### Working data

=-=-=-=-=

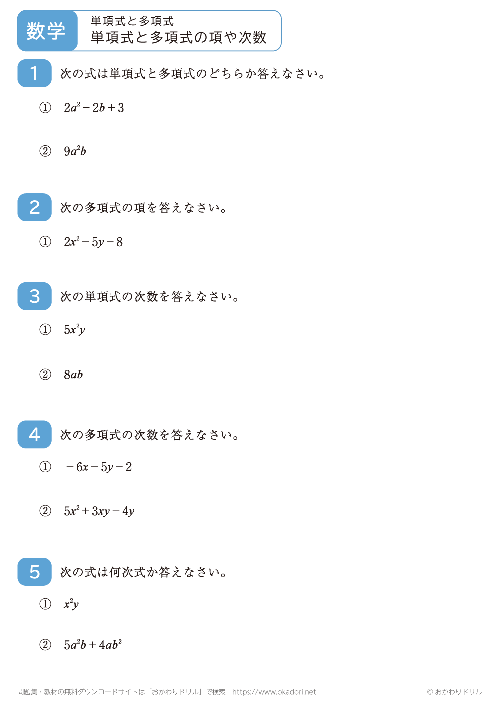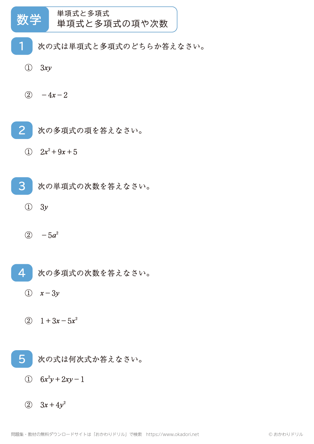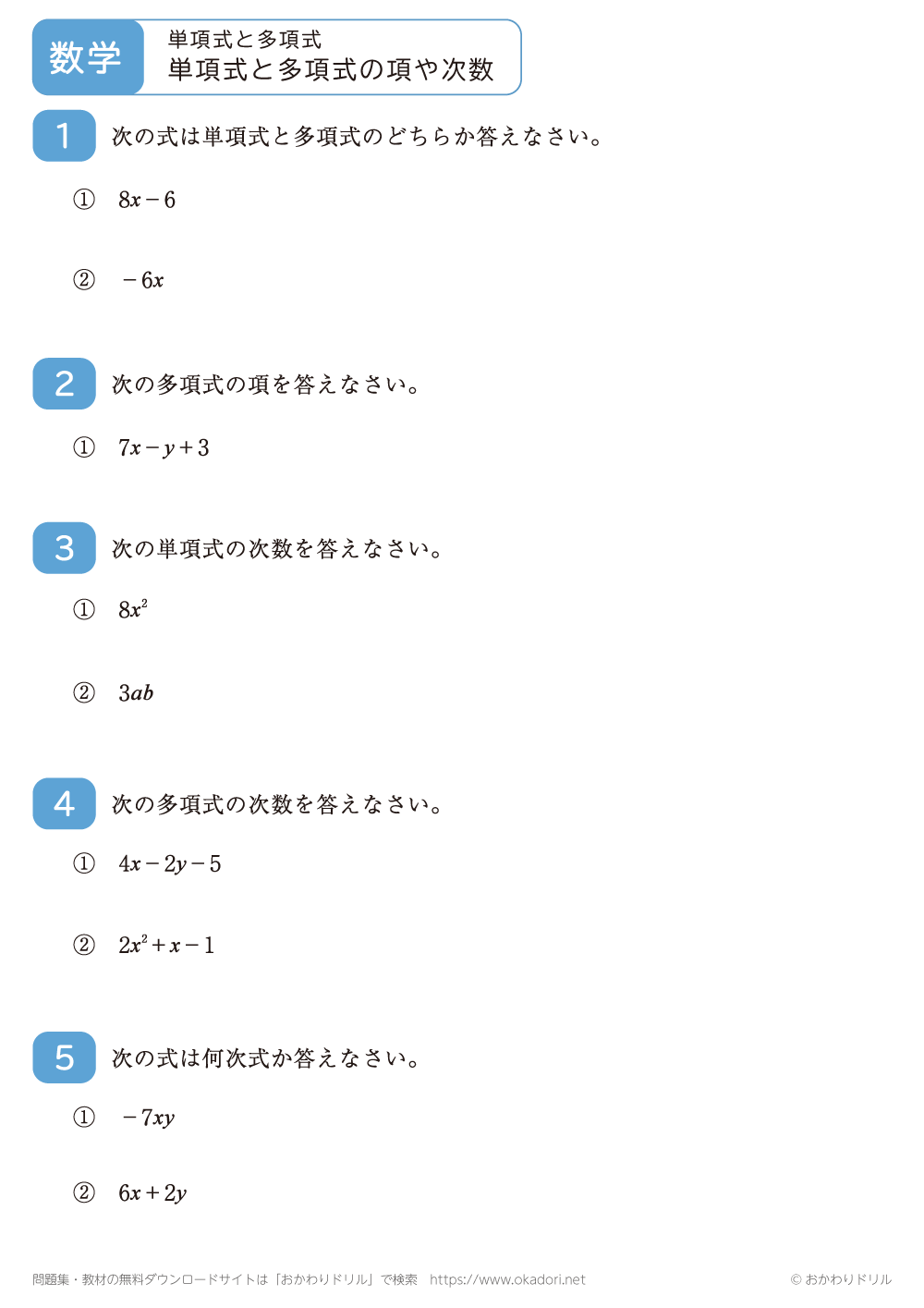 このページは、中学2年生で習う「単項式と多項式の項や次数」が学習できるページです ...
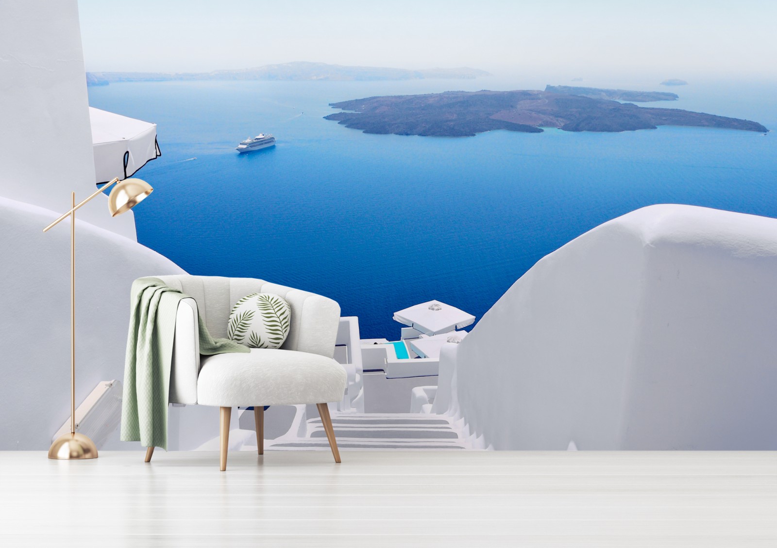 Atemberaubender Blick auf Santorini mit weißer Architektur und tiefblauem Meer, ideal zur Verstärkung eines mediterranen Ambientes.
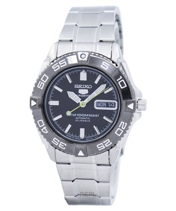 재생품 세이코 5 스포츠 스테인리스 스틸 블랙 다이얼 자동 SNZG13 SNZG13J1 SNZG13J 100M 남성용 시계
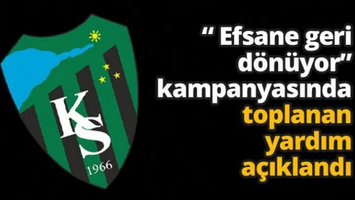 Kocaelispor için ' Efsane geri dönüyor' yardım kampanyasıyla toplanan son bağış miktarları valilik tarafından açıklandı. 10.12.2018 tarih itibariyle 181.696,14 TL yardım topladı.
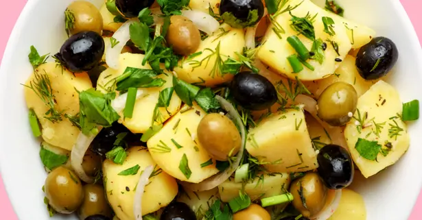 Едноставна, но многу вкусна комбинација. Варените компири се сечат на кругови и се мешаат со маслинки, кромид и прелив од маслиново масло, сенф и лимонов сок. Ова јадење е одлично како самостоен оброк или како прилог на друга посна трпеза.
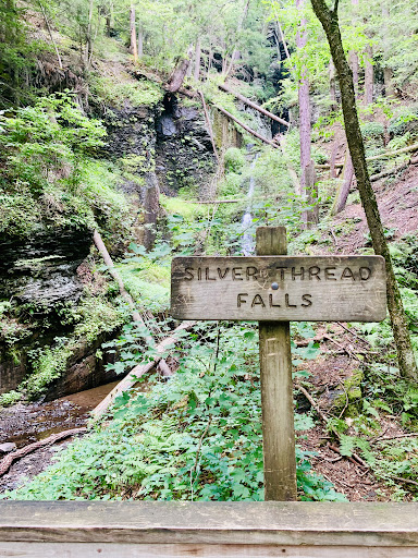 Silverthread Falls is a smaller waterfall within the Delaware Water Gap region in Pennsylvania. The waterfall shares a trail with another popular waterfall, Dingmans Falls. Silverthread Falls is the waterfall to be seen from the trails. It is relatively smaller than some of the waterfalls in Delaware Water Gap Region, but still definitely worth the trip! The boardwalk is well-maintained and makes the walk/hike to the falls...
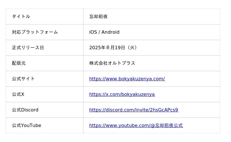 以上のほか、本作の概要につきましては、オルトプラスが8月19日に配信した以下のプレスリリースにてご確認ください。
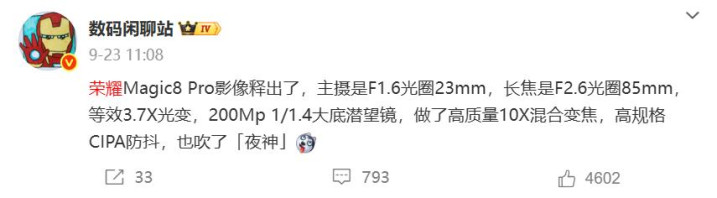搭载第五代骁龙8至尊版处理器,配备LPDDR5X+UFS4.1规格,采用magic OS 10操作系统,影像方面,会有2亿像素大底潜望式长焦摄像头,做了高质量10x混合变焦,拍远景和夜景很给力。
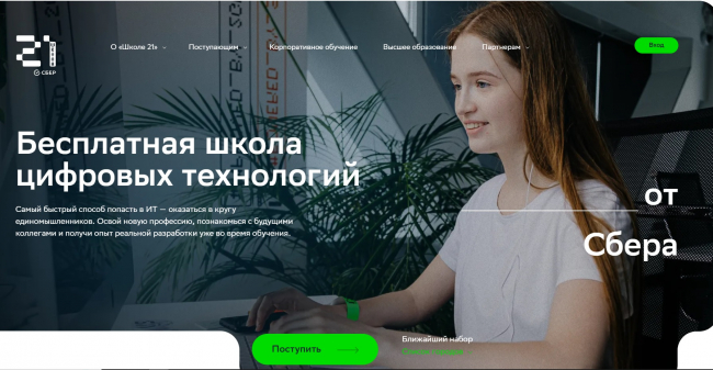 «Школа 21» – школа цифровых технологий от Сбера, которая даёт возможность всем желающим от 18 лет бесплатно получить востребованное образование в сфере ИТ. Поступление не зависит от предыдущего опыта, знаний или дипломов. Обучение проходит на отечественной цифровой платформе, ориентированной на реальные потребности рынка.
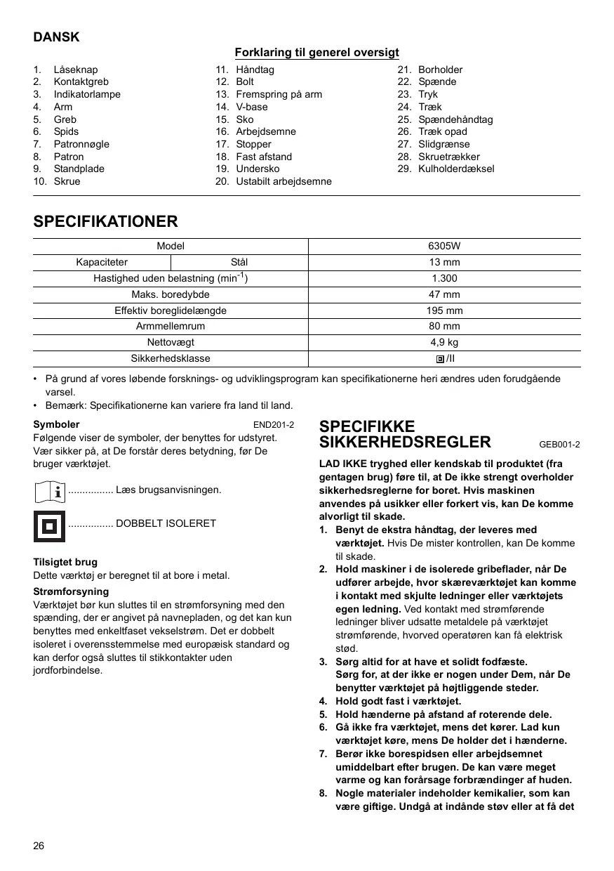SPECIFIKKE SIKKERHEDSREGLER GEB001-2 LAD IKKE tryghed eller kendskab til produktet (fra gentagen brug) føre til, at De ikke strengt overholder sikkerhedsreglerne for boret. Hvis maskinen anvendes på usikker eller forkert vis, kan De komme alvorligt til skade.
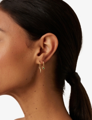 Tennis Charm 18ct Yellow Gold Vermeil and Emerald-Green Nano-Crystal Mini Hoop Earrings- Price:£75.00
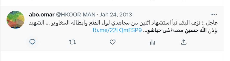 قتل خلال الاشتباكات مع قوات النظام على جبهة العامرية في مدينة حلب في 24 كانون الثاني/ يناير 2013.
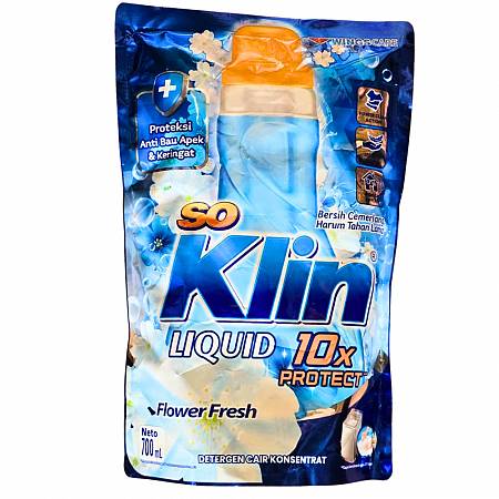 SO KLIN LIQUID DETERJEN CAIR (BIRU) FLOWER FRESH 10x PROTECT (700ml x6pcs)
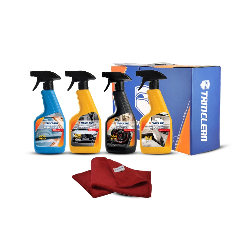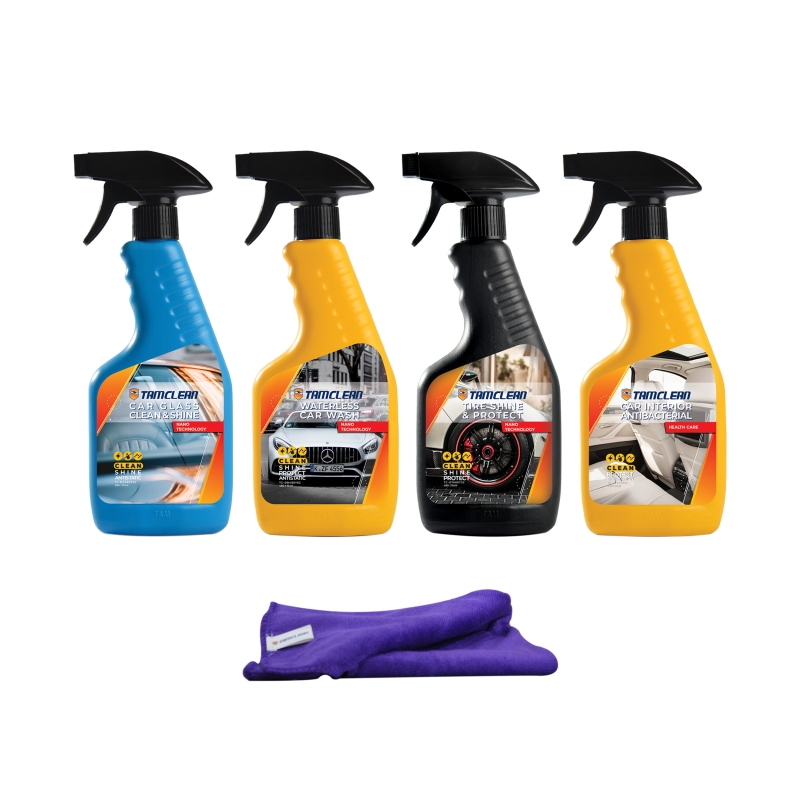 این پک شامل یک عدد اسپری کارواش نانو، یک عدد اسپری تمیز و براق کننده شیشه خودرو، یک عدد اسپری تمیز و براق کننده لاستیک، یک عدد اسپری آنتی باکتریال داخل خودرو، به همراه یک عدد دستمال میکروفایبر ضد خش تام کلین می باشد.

=-=-=-=-=

### Required action
Each entry should be transcribed exactly as given, with pictures omitted.

### Solution for this task
 このページは、中学2年生で習う「単項式と多項式の項や次数」が学習できるページです ...
 Atemberaubender Blick auf Santorini mit weißer Architektur und tiefblauem Meer, ideal zur Verstärkung eines mediterranen Ambientes.
 재생품 세이코 5 스포츠 스테인리스 스틸 블랙 다이얼 자동 SNZG13 SNZG13J1 SNZG13J 100M 남성용 시계
 Kocaelispor için ' Efsane geri dönüyor' yardım kampanyasıyla toplanan son bağış miktarları valilik tarafından açıklandı. 10.12.2018 tarih itibariyle 181.696,14 TL yardım topladı.
 Едноставна, но многу вкусна комбинација. Варените компири се сечат на кругови и се мешаат со маслинки, кромид и прелив од маслиново масло, сенф и лимонов сок. Ова јадење е одлично како самостоен оброк или како прилог на друга посна трпеза.
 Silverthread Falls is a smaller waterfall within the Delaware Water Gap region in Pennsylvania. The waterfall shares a trail with another popular waterfall, Dingmans Falls. Silverthread Falls is the waterfall to be seen from the trails. It is relatively smaller than some of the waterfalls in Delaware Water Gap Region, but still definitely worth the trip! The boardwalk is well-maintained and makes the walk/hike to the falls...
 以上のほか、本作の概要につきましては、オルトプラスが8月19日に配信した以下のプレスリリースにてご確認ください。
搭载第五代骁龙8至尊版处理器,配备LPDDR5X+UFS4.1规格,采用magic OS 10操作系统,影像方面,会有2亿像素大底潜望式长焦摄像头,做了高质量10x混合变焦,拍远景和夜景很给力。
 «Школа 21» – школа цифровых технологий от Сбера, которая даёт возможность всем желающим от 18 лет бесплатно получить востребованное образование в сфере ИТ. Поступление не зависит от предыдущего опыта, знаний или дипломов. Обучение проходит на отечественной цифровой платформе, ориентированной на реальные потребности рынка.
SPECIFIKKE SIKKERHEDSREGLER GEB001-2 LAD IKKE tryghed eller kendskab til produktet (fra gentagen brug) føre til, at De ikke strengt overholder sikkerhedsreglerne for boret. Hvis maskinen anvendes på usikker eller forkert vis, kan De komme alvorligt til skade.
 Tennis Charm 18ct Yellow Gold Vermeil and Emerald-Green Nano-Crystal Mini Hoop Earrings- Price:£75.00
 قتل خلال الاشتباكات مع قوات النظام على جبهة العامرية في مدينة حلب في 24 كانون الثاني/ يناير 2013.
 SO KLIN LIQUID DETERJEN CAIR (BIRU) FLOWER FRESH 10x PROTECT (700ml x6pcs)
 این پک شامل یک عدد اسپری کارواش نانو، یک عدد اسپری تمیز و براق کننده شیشه خودرو، یک عدد اسپری تمیز و براق کننده لاستیک، یک عدد اسپری آنتی باکتریال داخل خودرو، به همراه یک عدد دستمال میکروفایبر ضد خش تام کلین می باشد.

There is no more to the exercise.